Well, they made their fans sweat. I’ll say that much for them. Mexico came within an inch of getting themselves knocked out, in spite of being seeded and, apparently, the fourth best team in the world (before you start complaining, this is FIFA’s view, and not mine). They didn’t even manage this in a “Group Of Death”. They managed to go to the wire against Angola. Those giants of international football. Fortunately, though, Angola threw away a win against Iran thanks to some lame finishing.
I’m thoroughly enjoying Mexico’s stay at the World Cup, because, in an era when everything else often appears to be becoming more and more homogenized, Mexico are inscrutably, indefatigably, defiantly mad. Well, they’re inscrutably, indefatigably, defiantly Mexican. But it’s the same difference. This is, after all, the country that gave the world tequila, chili, peyote and the sombrero. Why should we expect anything less?
What is particularly great about Mexico as that they are a good team, but still an unknown quantity. Almost all of their players are domestically based, and they can play, but are singular in the way that they do it. Against Iran, they were solid, then momentarily dire, and then outstanding. Against Angola, they couldn’t for all their attacking flair, break down a team of determined under-dogs. This afternoon, they showed their best and worst sides again. After twenty-five minutes, they were in serious trouble. First up, Maniche scored after a good run from Simao. Then, Marquez momentarily had the sort of amnesia that persuades outfield players that they are, in fact, goalkeepers and tried to punch the ball clear from a corner. 2-0. Simao, from the spot.
After this, though, we saw the Doctor Jekyll of the Mexico conundrum. They roared out of the blocks, completely outplaying the Portuguese, and pulling one back through Fonseca. From then on, it was almost all Mexico. Early in the second half, they had a chance to bring things back level after Miguel handled to give them a penalty. Almost aptly, Bravo launched the ball so high over the crossbar that it’s probably still rising now, and will probably end up in orbit around the earth. One day, children will ask teachers when earth acquired it’s second, smaller, Adidas moon. You heard it here first. Not five minutes later, they could have had a second penalty after Perez was bundled over in the penalty area. But things aren’t that simple with Mexico. The referee decided that Perez had dived, and sent him off. Meanwhile, Angola had scored through Flavio. Mexico were in danger out being booted out.
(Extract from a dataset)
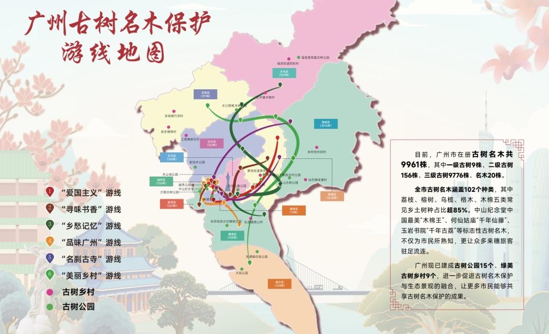 活动现场还发布了广州市古树名木保护游线路,6条游线分别以“爱国主义教育”“品味广州”“美丽乡村”“乡愁记忆”“寻味书香”“名刹古寺”为主题,串联起越秀、荔湾、海珠、天河等多个区域的代表性古树名木与人文地标,为广大市民和游客提供更多亲近自然、品味岭南文化、感受“古树名城”魅力的打卡地,成为绿美广东生态建设的一个重要缩影。
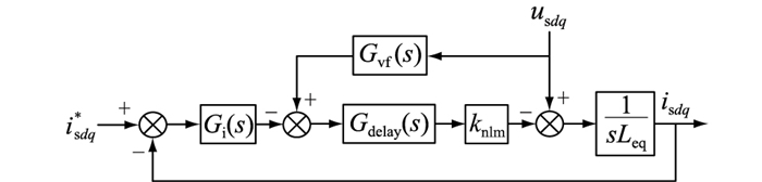 图 5中,isdq*为电流内环参考值的dq分量;isdq为网侧电流实际值的dq分量;Gvf(s)为前馈电压滤波器,可采用一阶低通、二阶低通或者非线性滤波器;knlm为调制系数,一般为1;Gdelay(s)为考虑控制系统延时的传递函数,表达式为:

They needn’t have worried. As they continued to throw their players recklessly forward, Iran did them a favour and levelled things up in Leipzig. Eventually, it all petered out, as it filtered through that Angola would need three in ten minutes to put them out. Which Mexico will we see in the second round? The good Mexico, thrilling to watch going forward, would give anybody a game in these finals. The bad Mexico, prone to defensive errors and inexplicable mistakes will crash against anybody. Who can tell? They probably can’t themselves. As for Portgual, more stuttering and stumbling. The parallels between them and England are obvious – a creaking Galactico out on the wing, and a failure to score goals with the same regularity as they feel that possibly could. Having said all of that, they’re in the second round, and they did it with a game to spare. What a coincidence.